Maximizing performance with the DES example

vitorbal · September 15, 2008, 9:23pm

Hello there,

As I examined the DESTester application, I decided to try to get the most performance out of it, so I could compare it with software-implemented versions of the DES.

Right off the bat I noticed the performance was getting hindered by the small size of the transfer blocks - 2048 bytes. So I swapped the 2k rams with 64k rams, and the pipe calls were now working with 65536 byte blocks. This greatly improved the time taken for the whole thing to work. The program was taking 4 seconds to work through 20MB of data, down from 40 seconds!
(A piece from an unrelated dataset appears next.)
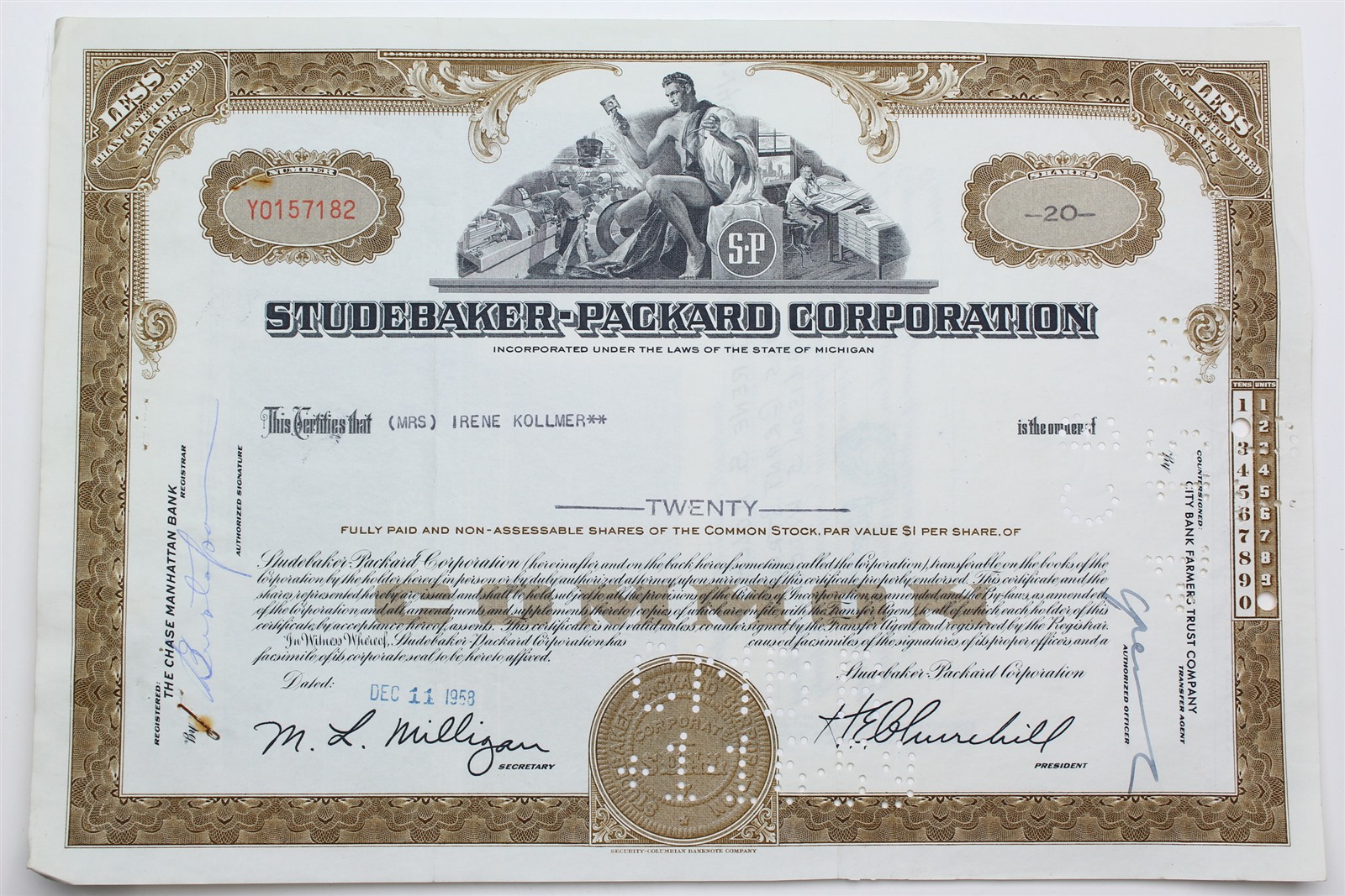 1958 Studebaker-Packard Corporation Stock Certificate - Y0157182 - 20 Shares
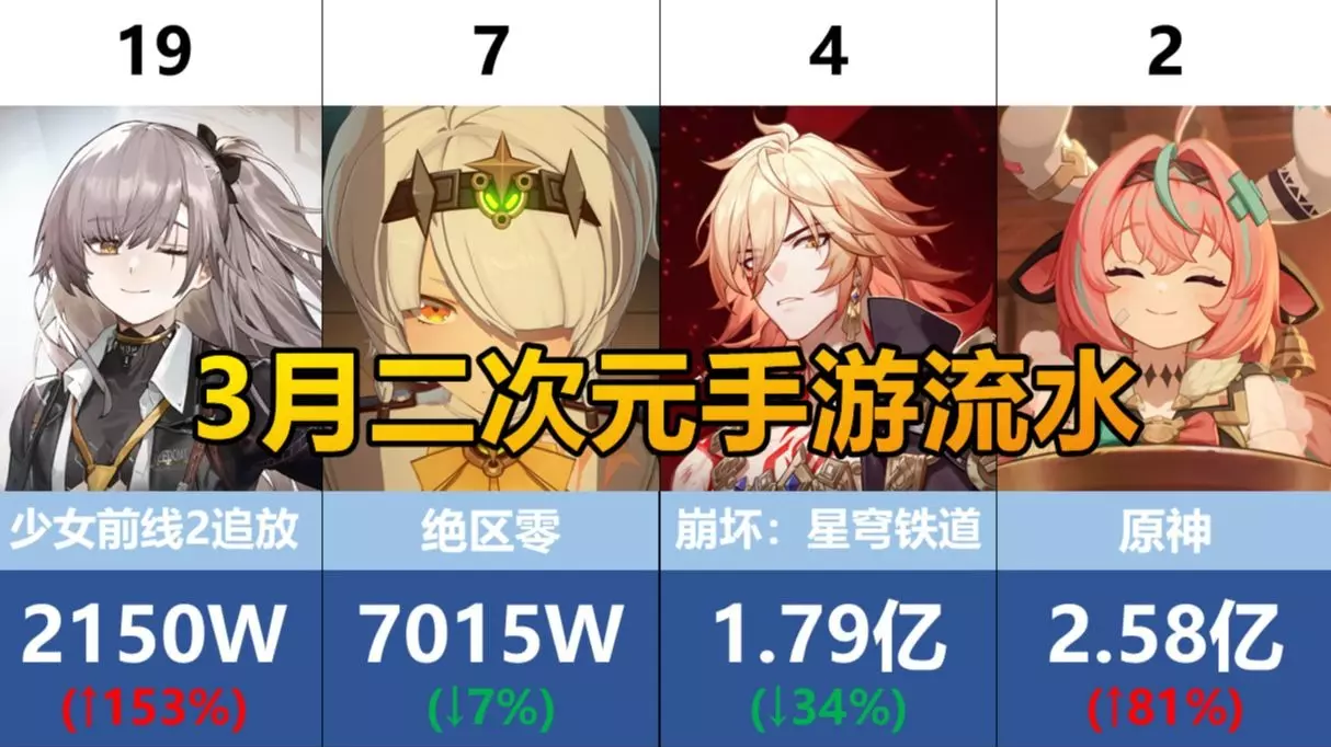 本排名为各手游在国服移动端的流水排名,未包含PC、主机、云游和海外流水。 统计时间段:2025年3月1日到3月31日 女性向游戏安卓系数按1.8倍粗算,其余按2…

Later on, I found out there was a new version of the DES module that used pipelines to process the information. Instead of getting an output every 16 cycles, the new version could get an output every cycle (after the first 16) !
So i modified the code to make it work with the new version. This gave me a 1 second improvement on the 20MB file. Clearly, the chokepoint was related to the transfers, and not the DES module itself. With a frequency of 100MHz, the DES was certainly processing through 20MB very fast. According to my calculations, 2010^6 bytes of data being processed at 10010^6 Hz frequency, 8 bytes at a time, gives us:

(2010^6) / (10010^6 * 8) = 1/40 seconds

So the processing itself should be taking aprox. 1/40 of a second to complete.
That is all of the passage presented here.